Um die Auswirkungen der Syrien-Sanktionen auf die Bevölkerung in Syrien richtig einzuordnen, muss man nach einem Gesamtbild und nach den Ursachen für die gegenwärtige Hungerkrise fragen: Nach einem aktuellen Beitrag von Human Rights Watch zwingt vor allem das Versagen der syrischen Regierung, angemessen auf die gegenwärtige Brotkrise zu reagieren, die Menschen dazu zu hungern. Der Absturz der syrischen Währung, eine sich verschärfende Wirtschaftskrise nach zehn Jahren Krieg, verbunden mit der erheblichen Zerstörung der Infrastruktur - vor allem durch die syrische Regierung und ihre Verbündeten selbst - hat zu einem katastrophalen Mangel an Weizen geführt.

 

Die syrische Regierung hat die Krise noch zusätzlich durch Diskriminierung bei der Brotverteilung verschärft.

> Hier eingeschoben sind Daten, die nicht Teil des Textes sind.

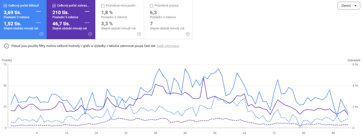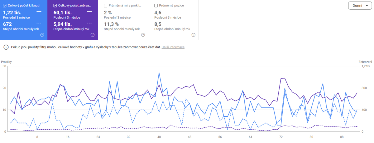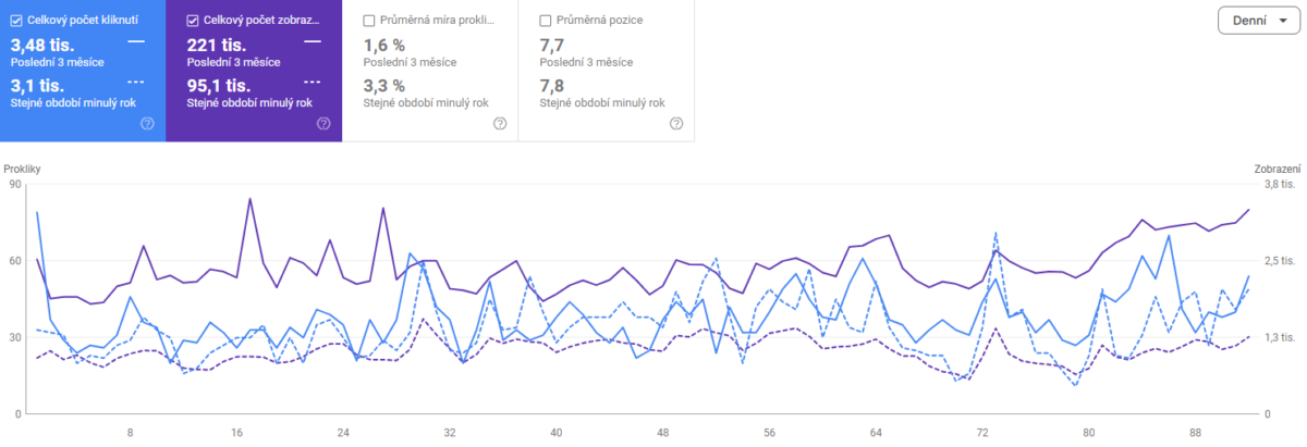 Podobný postup, upravený na míru klientovi i tématu, jsme aplikovali i na další naše klienty. V tomto konkrétním případě nám roční práce na blogové sekci s cyklistickou tématikou přinesla nárůst v proklicích o 102 %. Srovnání je za poslední 3 měsíce YoY.

Dazu kommen die weit verbreitete Korruption und die Rationalisierung und Verknappung der subventionierten Portionen. Das alles zusammen führt dazu, dass die Menschen in Syrien hungern. Obwohl die von den USA und der EU verhängten Sanktionen gegen das Assad-Regime Medizin und Lebensmittel ausdrücklich ausklammern, haben sie unbestritten auch negative Folgen. Jedoch lohnt sich in dieser Hinsicht ein ausführlicher Blick auf die Hintergründe der Wirtschafts- und Hungerkrise.

 

Wie ist die aktuelle Situation in Syrien?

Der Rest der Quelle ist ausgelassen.